Solid Food

 

     Taken in a liquid state, your food would not give healthful vigor or tone to the system. But when you change this habit, and eat more solids and less liquids, your stomach will feel disturbed. Notwithstanding this, you should not yield the point, you should educate your stomach to bear a more solid diet. 

     Dry food that requires mastication is far preferable to porridges. The health food preparations are a blessing in this respect. . . . For those who can use them, good vegetables, prepared in a healthful manner, are better than soft mushes and porridge. Fruits, used with thoroughly cooked bread two or three days old, which is more healthful than fresh bread, slowly and thoroughly masticated, will furnish all that the system requires.       

Very Hot Foods.

    Very hot food ought not to be taken into the stomach. Soups, puddings, and other articles of the kind, are often eaten too hot, and as a consequence the stomach is debilitated. Let them become partly cooled before they are eaten.   

Cold Food.

    I do not approve of eating much cold food, for the reason that the vitality must be drawn from the system to warm the food until it becomes of the same temperature as the stomach before the work of digestion can be carried on. 

Rich Diet.

    Rich and complicated mixtures of food are health destroying. Highly seasoned meats and rich pastry are wearing out the digestive organs of children.  

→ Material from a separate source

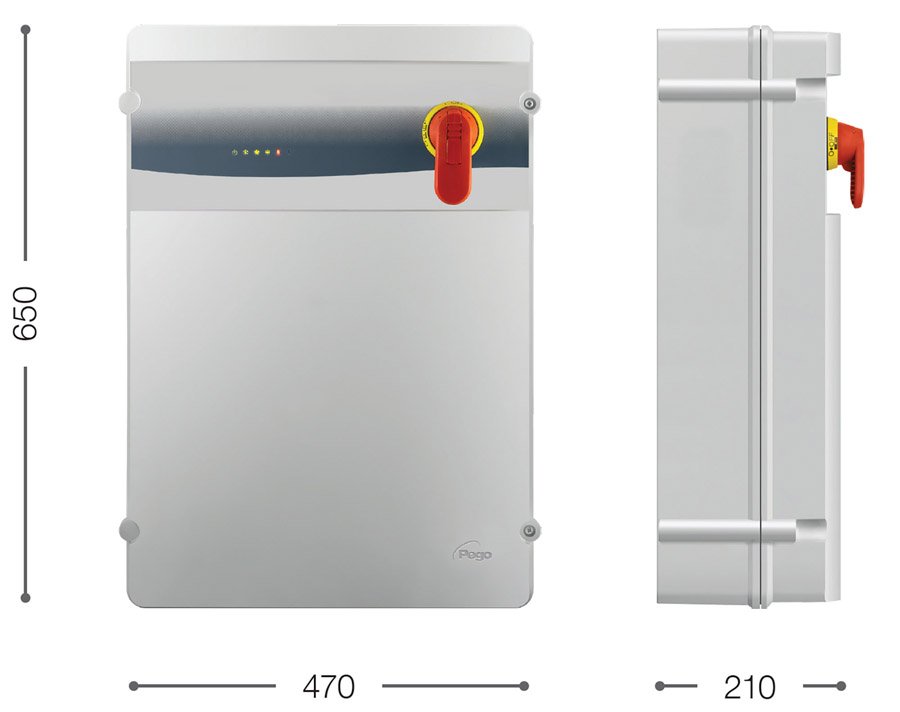 - Cuadro compacto de ABS autoextinguible con grado de protección IP 65 y seccionador en la parte frontal del cuadro.

    At too many tables, when the stomach has received all that it requires to carry on the work of nourishing the system, another course, consisting of pies, puddings, and highly flavored sauces, is placed upon the table. . . . Many, though they have already eaten enough, will overstep the bounds, and eat the tempting dessert, which, however, proves anything but good to them. . . . If the extras which are provided for dessert were dispensed with altogether, it would be a blessing.                                                                              

    Many understand how to make different kinds of cakes, but cake is not the best food to be placed upon the table. Sweet cakes, sweet puddings, and custards will disorder the digestive organs; and why should we tempt those who surround the table by placing such articles before them?